To Mourn a Child: Jewish Responses to Neonatal and Childhood Death
Edited by Jeffrey Saks and Joel Wolowelsky
KTAV Publishing House, 2013
Kaddish: Women’s Voices
Edited by Michal Smart and Barbara Ashkenas
Urim Publications, 2013
In the Eastern European school of superstition, if speaking about death is inviting it, then reading about it is like building your own coffin. No one wants to talk about what is inevitable, especially if it involves nonexistence. I say this because even though I spent years researching and writing about death myself, when the book To Mourn a Child: Jewish Responses to Neonatal and Childhood Death arrived unsolicited, I put it, unread, on my desk stack. The cover has a photo of an empty swing; the book’s title hangs between the chains, suspended like a life freighted with expectation that has suddenly stopped.
The book sat for months on that stack, until I finally turned the spine around to face the wall.
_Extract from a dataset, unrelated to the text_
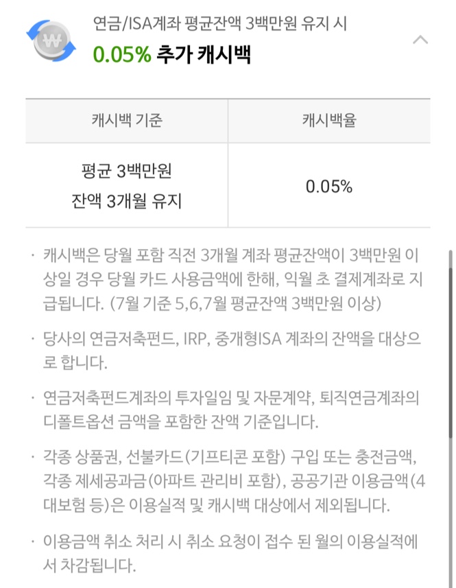 - 연금 및 ISA 계좌에서 3개월 계좌 평균 잔액 3백만 원 유지하면 0.05% 추가 캐시백 혜택을 제공합니다.

I could not bear to look at the title in the morning as I studied or typed. Life is heavy enough. Read to escape, I told myself. When it comes to reading death, I’m done. Genuck. Dayenu. It’s enough.
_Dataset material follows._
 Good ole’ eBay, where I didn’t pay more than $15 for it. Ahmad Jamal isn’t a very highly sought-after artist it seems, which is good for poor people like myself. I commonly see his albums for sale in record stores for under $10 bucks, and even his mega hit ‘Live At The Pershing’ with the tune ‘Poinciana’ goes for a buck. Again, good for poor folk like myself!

This was my exact thought when Kaddish: Women’s Voices appeared at my door. What is with all of us? Let’s spend more time living. That didn’t even make it to the stack. I looked over the table of contents and then it went straight on the shelf.
I assume many reviewers did the same thing when they first received my own book on death, Happier Endings: A Meditation on Life and Death. A few days after Happier Endings was published, the vice president of Simon & Schuster called: “By the way, there’s something I forgot to tell you. Death does better in paperback.” He was preparing me for the lack of royalties that would be coming my way and for the likelihood that Oprah and Ellen were not going to be calling soon.
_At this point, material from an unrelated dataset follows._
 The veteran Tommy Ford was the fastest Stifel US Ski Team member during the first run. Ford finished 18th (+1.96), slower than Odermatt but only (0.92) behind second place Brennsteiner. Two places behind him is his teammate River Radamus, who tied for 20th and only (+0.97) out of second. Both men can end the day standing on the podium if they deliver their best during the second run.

But there are moments when we overcome our aversion to facing death and can find solace and wisdom in writings on it. We look for writing that can help us articulate our pain or our primal fears of mortality. As the yartzheit (death anniversary) of a close friend approached, I pulled out Kaddish to see if I could locate myself on its pages. True, I never said kaddish (the mourner’s prayer) for my friend, but I think it might have been easier to say it than to answer “amen” to her teenage son’s prayer. Hearing the adolescent jumble of kaddish’s numbing words rattled me each time. Kaddish is a positive affirmation of life and can have the ironic effect of feeling more painful at times than ignoring death altogether.